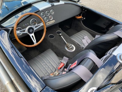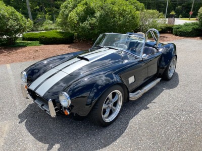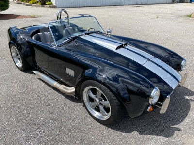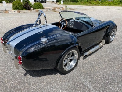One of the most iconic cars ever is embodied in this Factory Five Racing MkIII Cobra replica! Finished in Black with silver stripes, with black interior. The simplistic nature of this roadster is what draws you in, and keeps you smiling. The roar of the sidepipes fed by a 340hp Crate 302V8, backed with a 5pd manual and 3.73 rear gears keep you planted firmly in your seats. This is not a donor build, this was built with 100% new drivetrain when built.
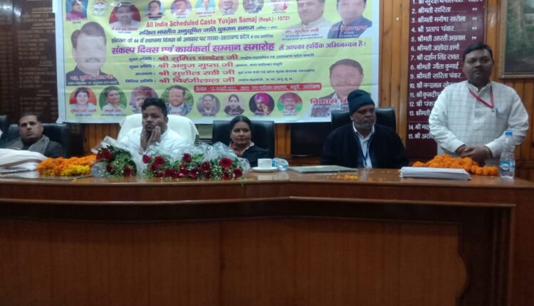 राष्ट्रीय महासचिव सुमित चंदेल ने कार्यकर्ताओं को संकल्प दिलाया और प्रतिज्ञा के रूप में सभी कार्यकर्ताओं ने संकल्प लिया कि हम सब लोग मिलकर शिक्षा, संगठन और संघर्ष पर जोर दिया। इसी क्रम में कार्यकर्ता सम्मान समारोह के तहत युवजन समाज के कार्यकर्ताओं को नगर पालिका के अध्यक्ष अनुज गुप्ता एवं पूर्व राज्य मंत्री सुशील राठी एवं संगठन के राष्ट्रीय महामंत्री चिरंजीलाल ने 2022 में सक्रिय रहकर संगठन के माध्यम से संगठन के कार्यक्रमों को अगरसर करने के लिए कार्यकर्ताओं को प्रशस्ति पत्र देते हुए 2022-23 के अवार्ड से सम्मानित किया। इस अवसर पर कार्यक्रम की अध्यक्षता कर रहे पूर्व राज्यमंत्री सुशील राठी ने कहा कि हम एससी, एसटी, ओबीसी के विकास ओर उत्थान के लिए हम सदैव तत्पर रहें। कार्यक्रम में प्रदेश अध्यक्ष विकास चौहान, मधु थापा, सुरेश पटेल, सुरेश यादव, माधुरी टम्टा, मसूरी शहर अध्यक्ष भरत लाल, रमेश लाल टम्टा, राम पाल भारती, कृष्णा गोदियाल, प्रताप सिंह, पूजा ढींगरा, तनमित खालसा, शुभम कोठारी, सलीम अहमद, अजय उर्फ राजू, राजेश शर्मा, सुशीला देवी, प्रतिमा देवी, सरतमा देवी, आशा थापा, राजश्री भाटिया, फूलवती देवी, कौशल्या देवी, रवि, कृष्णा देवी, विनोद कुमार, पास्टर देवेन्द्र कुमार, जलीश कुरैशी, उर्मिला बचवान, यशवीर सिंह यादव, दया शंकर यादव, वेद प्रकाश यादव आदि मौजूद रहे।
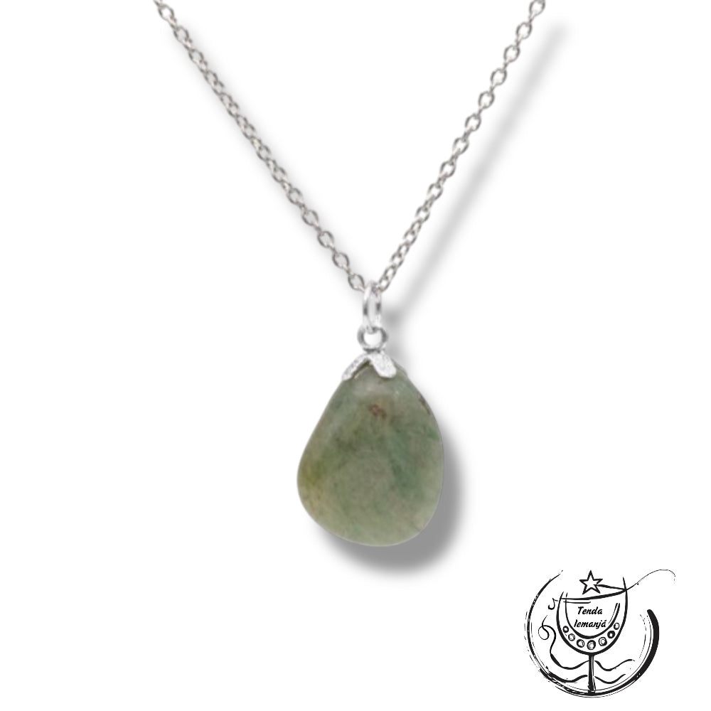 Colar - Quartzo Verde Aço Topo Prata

..........

* [TASK STATEMENT] In the printed copy, the material above must appear unchanged and without its pictures.

* [WRITTEN ANSWER]
One of the most iconic cars ever is embodied in this Factory Five Racing MkIII Cobra replica! Finished in Black with silver stripes, with black interior. The simplistic nature of this roadster is what draws you in, and keeps you smiling. The roar of the sidepipes fed by a 340hp Crate 302V8, backed with a 5pd manual and 3.73 rear gears keep you planted firmly in your seats. This is not a donor build, this was built with 100% new drivetrain when built.
 राष्ट्रीय महासचिव सुमित चंदेल ने कार्यकर्ताओं को संकल्प दिलाया और प्रतिज्ञा के रूप में सभी कार्यकर्ताओं ने संकल्प लिया कि हम सब लोग मिलकर शिक्षा, संगठन और संघर्ष पर जोर दिया। इसी क्रम में कार्यकर्ता सम्मान समारोह के तहत युवजन समाज के कार्यकर्ताओं को नगर पालिका के अध्यक्ष अनुज गुप्ता एवं पूर्व राज्य मंत्री सुशील राठी एवं संगठन के राष्ट्रीय महामंत्री चिरंजीलाल ने 2022 में सक्रिय रहकर संगठन के माध्यम से संगठन के कार्यक्रमों को अगरसर करने के लिए कार्यकर्ताओं को प्रशस्ति पत्र देते हुए 2022-23 के अवार्ड से सम्मानित किया। इस अवसर पर कार्यक्रम की अध्यक्षता कर रहे पूर्व राज्यमंत्री सुशील राठी ने कहा कि हम एससी, एसटी, ओबीसी के विकास ओर उत्थान के लिए हम सदैव तत्पर रहें। कार्यक्रम में प्रदेश अध्यक्ष विकास चौहान, मधु थापा, सुरेश पटेल, सुरेश यादव, माधुरी टम्टा, मसूरी शहर अध्यक्ष भरत लाल, रमेश लाल टम्टा, राम पाल भारती, कृष्णा गोदियाल, प्रताप सिंह, पूजा ढींगरा, तनमित खालसा, शुभम कोठारी, सलीम अहमद, अजय उर्फ राजू, राजेश शर्मा, सुशीला देवी, प्रतिमा देवी, सरतमा देवी, आशा थापा, राजश्री भाटिया, फूलवती देवी, कौशल्या देवी, रवि, कृष्णा देवी, विनोद कुमार, पास्टर देवेन्द्र कुमार, जलीश कुरैशी, उर्मिला बचवान, यशवीर सिंह यादव, दया शंकर यादव, वेद प्रकाश यादव आदि मौजूद रहे।
 Colar - Quartzo Verde Aço Topo Prata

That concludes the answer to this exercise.